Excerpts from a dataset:
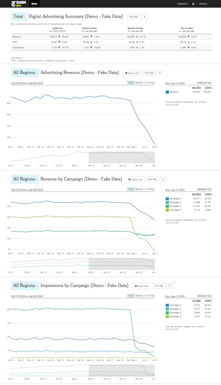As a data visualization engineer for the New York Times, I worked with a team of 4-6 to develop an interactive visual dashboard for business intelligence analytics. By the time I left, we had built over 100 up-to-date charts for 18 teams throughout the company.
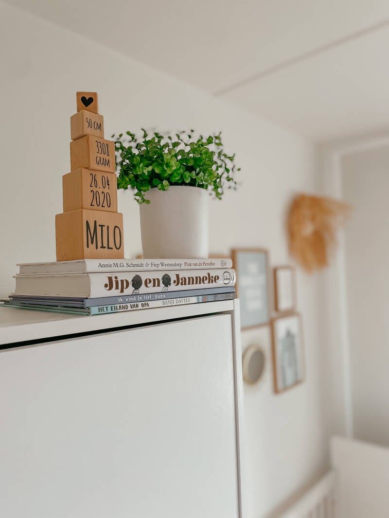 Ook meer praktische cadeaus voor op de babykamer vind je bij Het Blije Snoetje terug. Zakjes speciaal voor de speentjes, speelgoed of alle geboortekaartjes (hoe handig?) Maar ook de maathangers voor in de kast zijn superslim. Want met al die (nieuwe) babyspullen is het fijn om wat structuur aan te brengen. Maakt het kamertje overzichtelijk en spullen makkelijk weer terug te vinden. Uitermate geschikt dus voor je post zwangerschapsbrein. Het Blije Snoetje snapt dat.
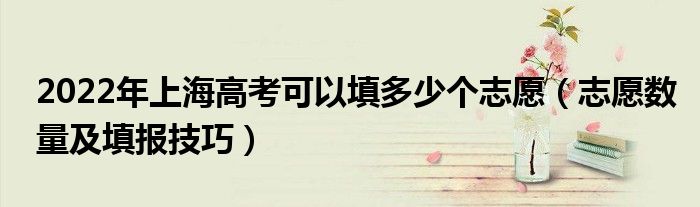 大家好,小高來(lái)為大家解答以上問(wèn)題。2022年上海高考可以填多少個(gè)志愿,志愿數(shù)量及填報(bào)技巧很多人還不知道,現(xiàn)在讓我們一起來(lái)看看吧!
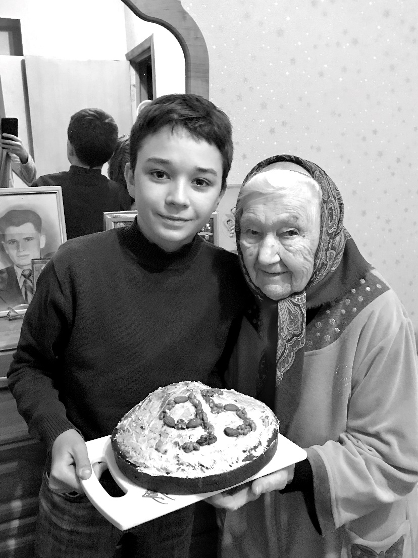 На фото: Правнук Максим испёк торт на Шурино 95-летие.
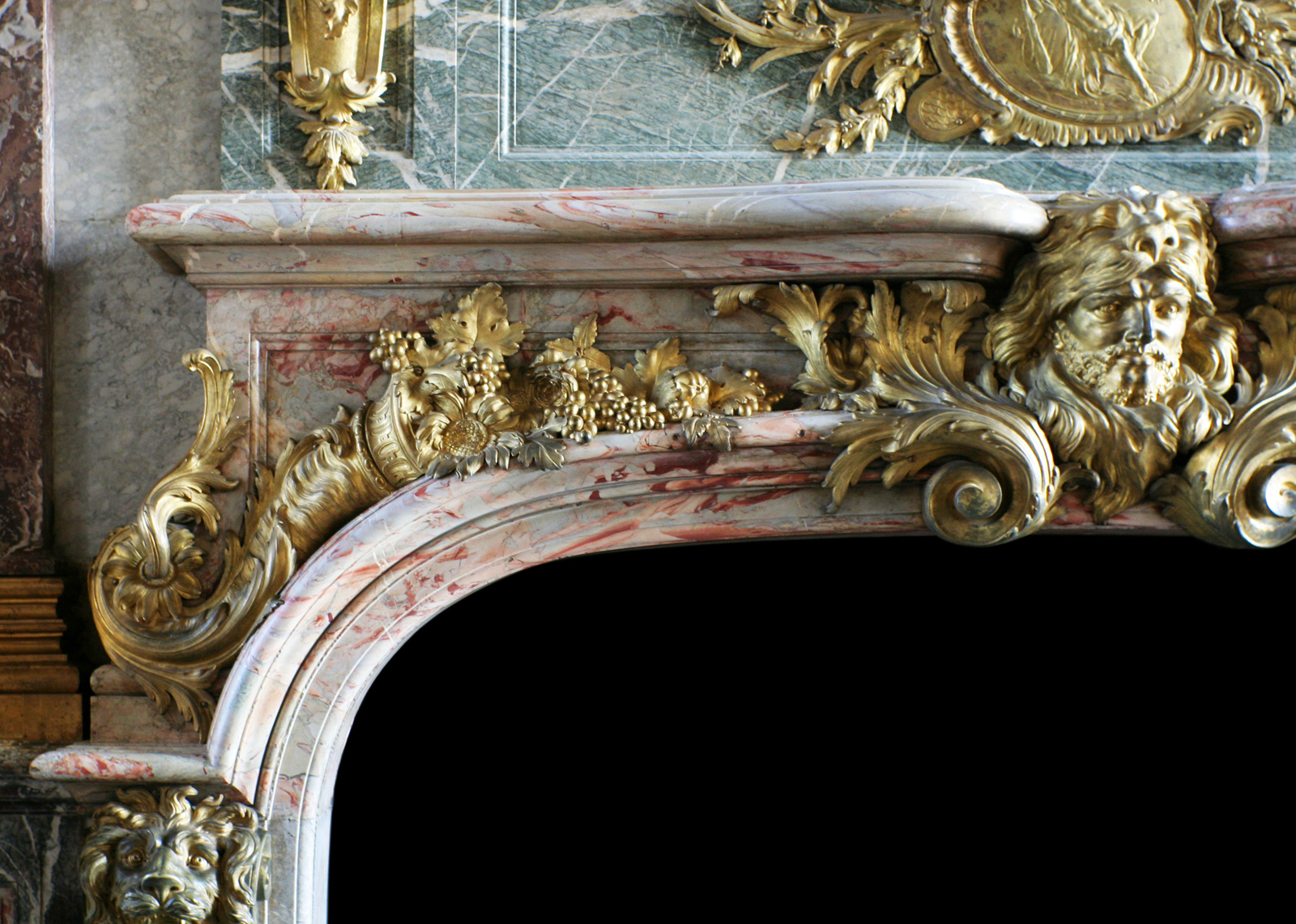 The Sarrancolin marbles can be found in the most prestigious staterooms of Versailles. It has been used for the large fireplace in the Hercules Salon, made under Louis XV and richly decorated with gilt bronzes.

## HOW TO COMPLETE THIS TASK
Without the pictures, copy out all the records above exactly.

## ANSWER SECTION
As a data visualization engineer for the New York Times, I worked with a team of 4-6 to develop an interactive visual dashboard for business intelligence analytics. By the time I left, we had built over 100 up-to-date charts for 18 teams throughout the company.
 Ook meer praktische cadeaus voor op de babykamer vind je bij Het Blije Snoetje terug. Zakjes speciaal voor de speentjes, speelgoed of alle geboortekaartjes (hoe handig?) Maar ook de maathangers voor in de kast zijn superslim. Want met al die (nieuwe) babyspullen is het fijn om wat structuur aan te brengen. Maakt het kamertje overzichtelijk en spullen makkelijk weer terug te vinden. Uitermate geschikt dus voor je post zwangerschapsbrein. Het Blije Snoetje snapt dat.
 大家好,小高來(lái)為大家解答以上問(wèn)題。2022年上海高考可以填多少個(gè)志愿,志愿數(shù)量及填報(bào)技巧很多人還不知道,現(xiàn)在讓我們一起來(lái)看看吧!
 На фото: Правнук Максим испёк торт на Шурино 95-летие.
 The Sarrancolin marbles can be found in the most prestigious staterooms of Versailles. It has been used for the large fireplace in the Hercules Salon, made under Louis XV and richly decorated with gilt bronzes.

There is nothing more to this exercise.